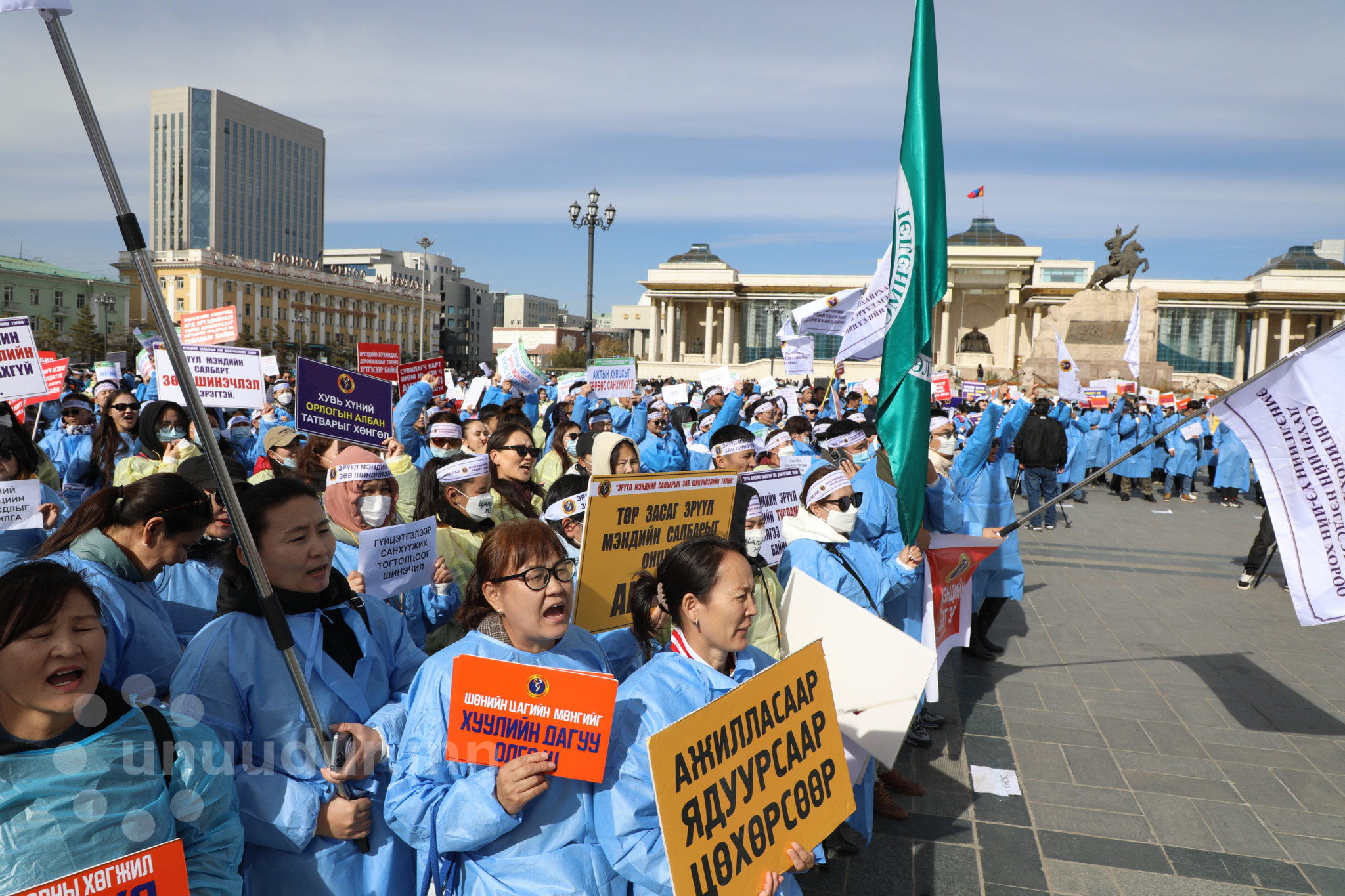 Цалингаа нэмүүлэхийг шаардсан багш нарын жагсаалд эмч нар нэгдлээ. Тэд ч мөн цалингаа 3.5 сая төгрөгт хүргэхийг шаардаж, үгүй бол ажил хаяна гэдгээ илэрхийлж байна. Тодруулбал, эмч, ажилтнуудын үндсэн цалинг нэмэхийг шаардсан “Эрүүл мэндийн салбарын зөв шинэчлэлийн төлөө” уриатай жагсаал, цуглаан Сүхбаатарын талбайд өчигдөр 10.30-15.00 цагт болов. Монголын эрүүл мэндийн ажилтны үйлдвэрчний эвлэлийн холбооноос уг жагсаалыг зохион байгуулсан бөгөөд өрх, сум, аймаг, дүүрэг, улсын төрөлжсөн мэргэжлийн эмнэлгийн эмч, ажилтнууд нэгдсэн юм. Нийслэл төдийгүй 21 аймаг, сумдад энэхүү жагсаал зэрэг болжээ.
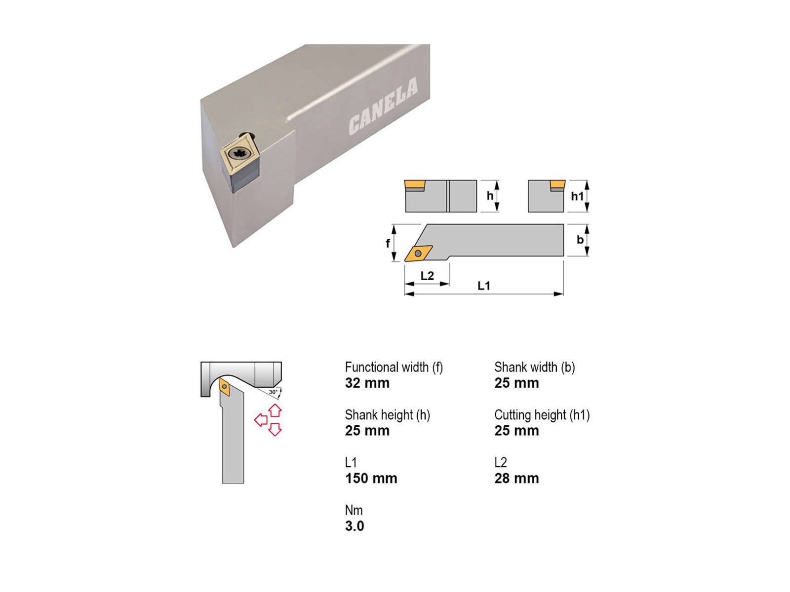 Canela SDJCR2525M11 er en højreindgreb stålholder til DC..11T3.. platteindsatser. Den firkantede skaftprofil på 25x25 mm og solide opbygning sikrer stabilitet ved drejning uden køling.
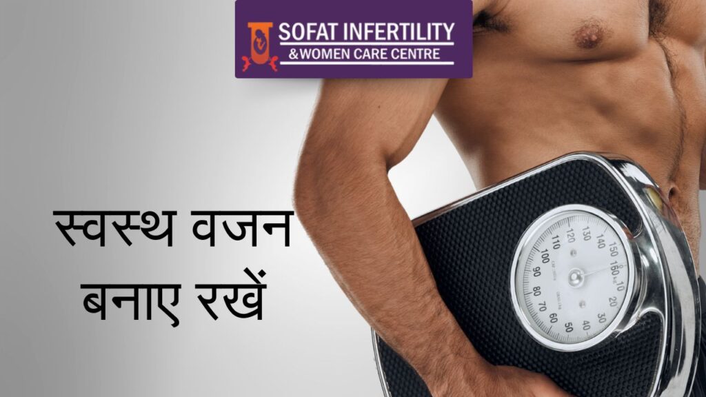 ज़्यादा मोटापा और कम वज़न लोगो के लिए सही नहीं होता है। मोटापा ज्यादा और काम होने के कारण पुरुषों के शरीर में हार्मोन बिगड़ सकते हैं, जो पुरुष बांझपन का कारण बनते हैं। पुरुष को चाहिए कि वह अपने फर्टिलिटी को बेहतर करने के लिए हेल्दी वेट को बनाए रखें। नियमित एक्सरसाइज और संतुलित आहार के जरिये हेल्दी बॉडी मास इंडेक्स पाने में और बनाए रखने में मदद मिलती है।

■ What you will do: The reply should contain all of the data above, word for word, with no pictures.

■ Exercise answer:
 Цалингаа нэмүүлэхийг шаардсан багш нарын жагсаалд эмч нар нэгдлээ. Тэд ч мөн цалингаа 3.5 сая төгрөгт хүргэхийг шаардаж, үгүй бол ажил хаяна гэдгээ илэрхийлж байна. Тодруулбал, эмч, ажилтнуудын үндсэн цалинг нэмэхийг шаардсан “Эрүүл мэндийн салбарын зөв шинэчлэлийн төлөө” уриатай жагсаал, цуглаан Сүхбаатарын талбайд өчигдөр 10.30-15.00 цагт болов. Монголын эрүүл мэндийн ажилтны үйлдвэрчний эвлэлийн холбооноос уг жагсаалыг зохион байгуулсан бөгөөд өрх, сум, аймаг, дүүрэг, улсын төрөлжсөн мэргэжлийн эмнэлгийн эмч, ажилтнууд нэгдсэн юм. Нийслэл төдийгүй 21 аймаг, сумдад энэхүү жагсаал зэрэг болжээ.
 Canela SDJCR2525M11 er en højreindgreb stålholder til DC..11T3.. platteindsatser. Den firkantede skaftprofil på 25x25 mm og solide opbygning sikrer stabilitet ved drejning uden køling.
 ज़्यादा मोटापा और कम वज़न लोगो के लिए सही नहीं होता है। मोटापा ज्यादा और काम होने के कारण पुरुषों के शरीर में हार्मोन बिगड़ सकते हैं, जो पुरुष बांझपन का कारण बनते हैं। पुरुष को चाहिए कि वह अपने फर्टिलिटी को बेहतर करने के लिए हेल्दी वेट को बनाए रखें। नियमित एक्सरसाइज और संतुलित आहार के जरिये हेल्दी बॉडी मास इंडेक्स पाने में और बनाए रखने में मदद मिलती है।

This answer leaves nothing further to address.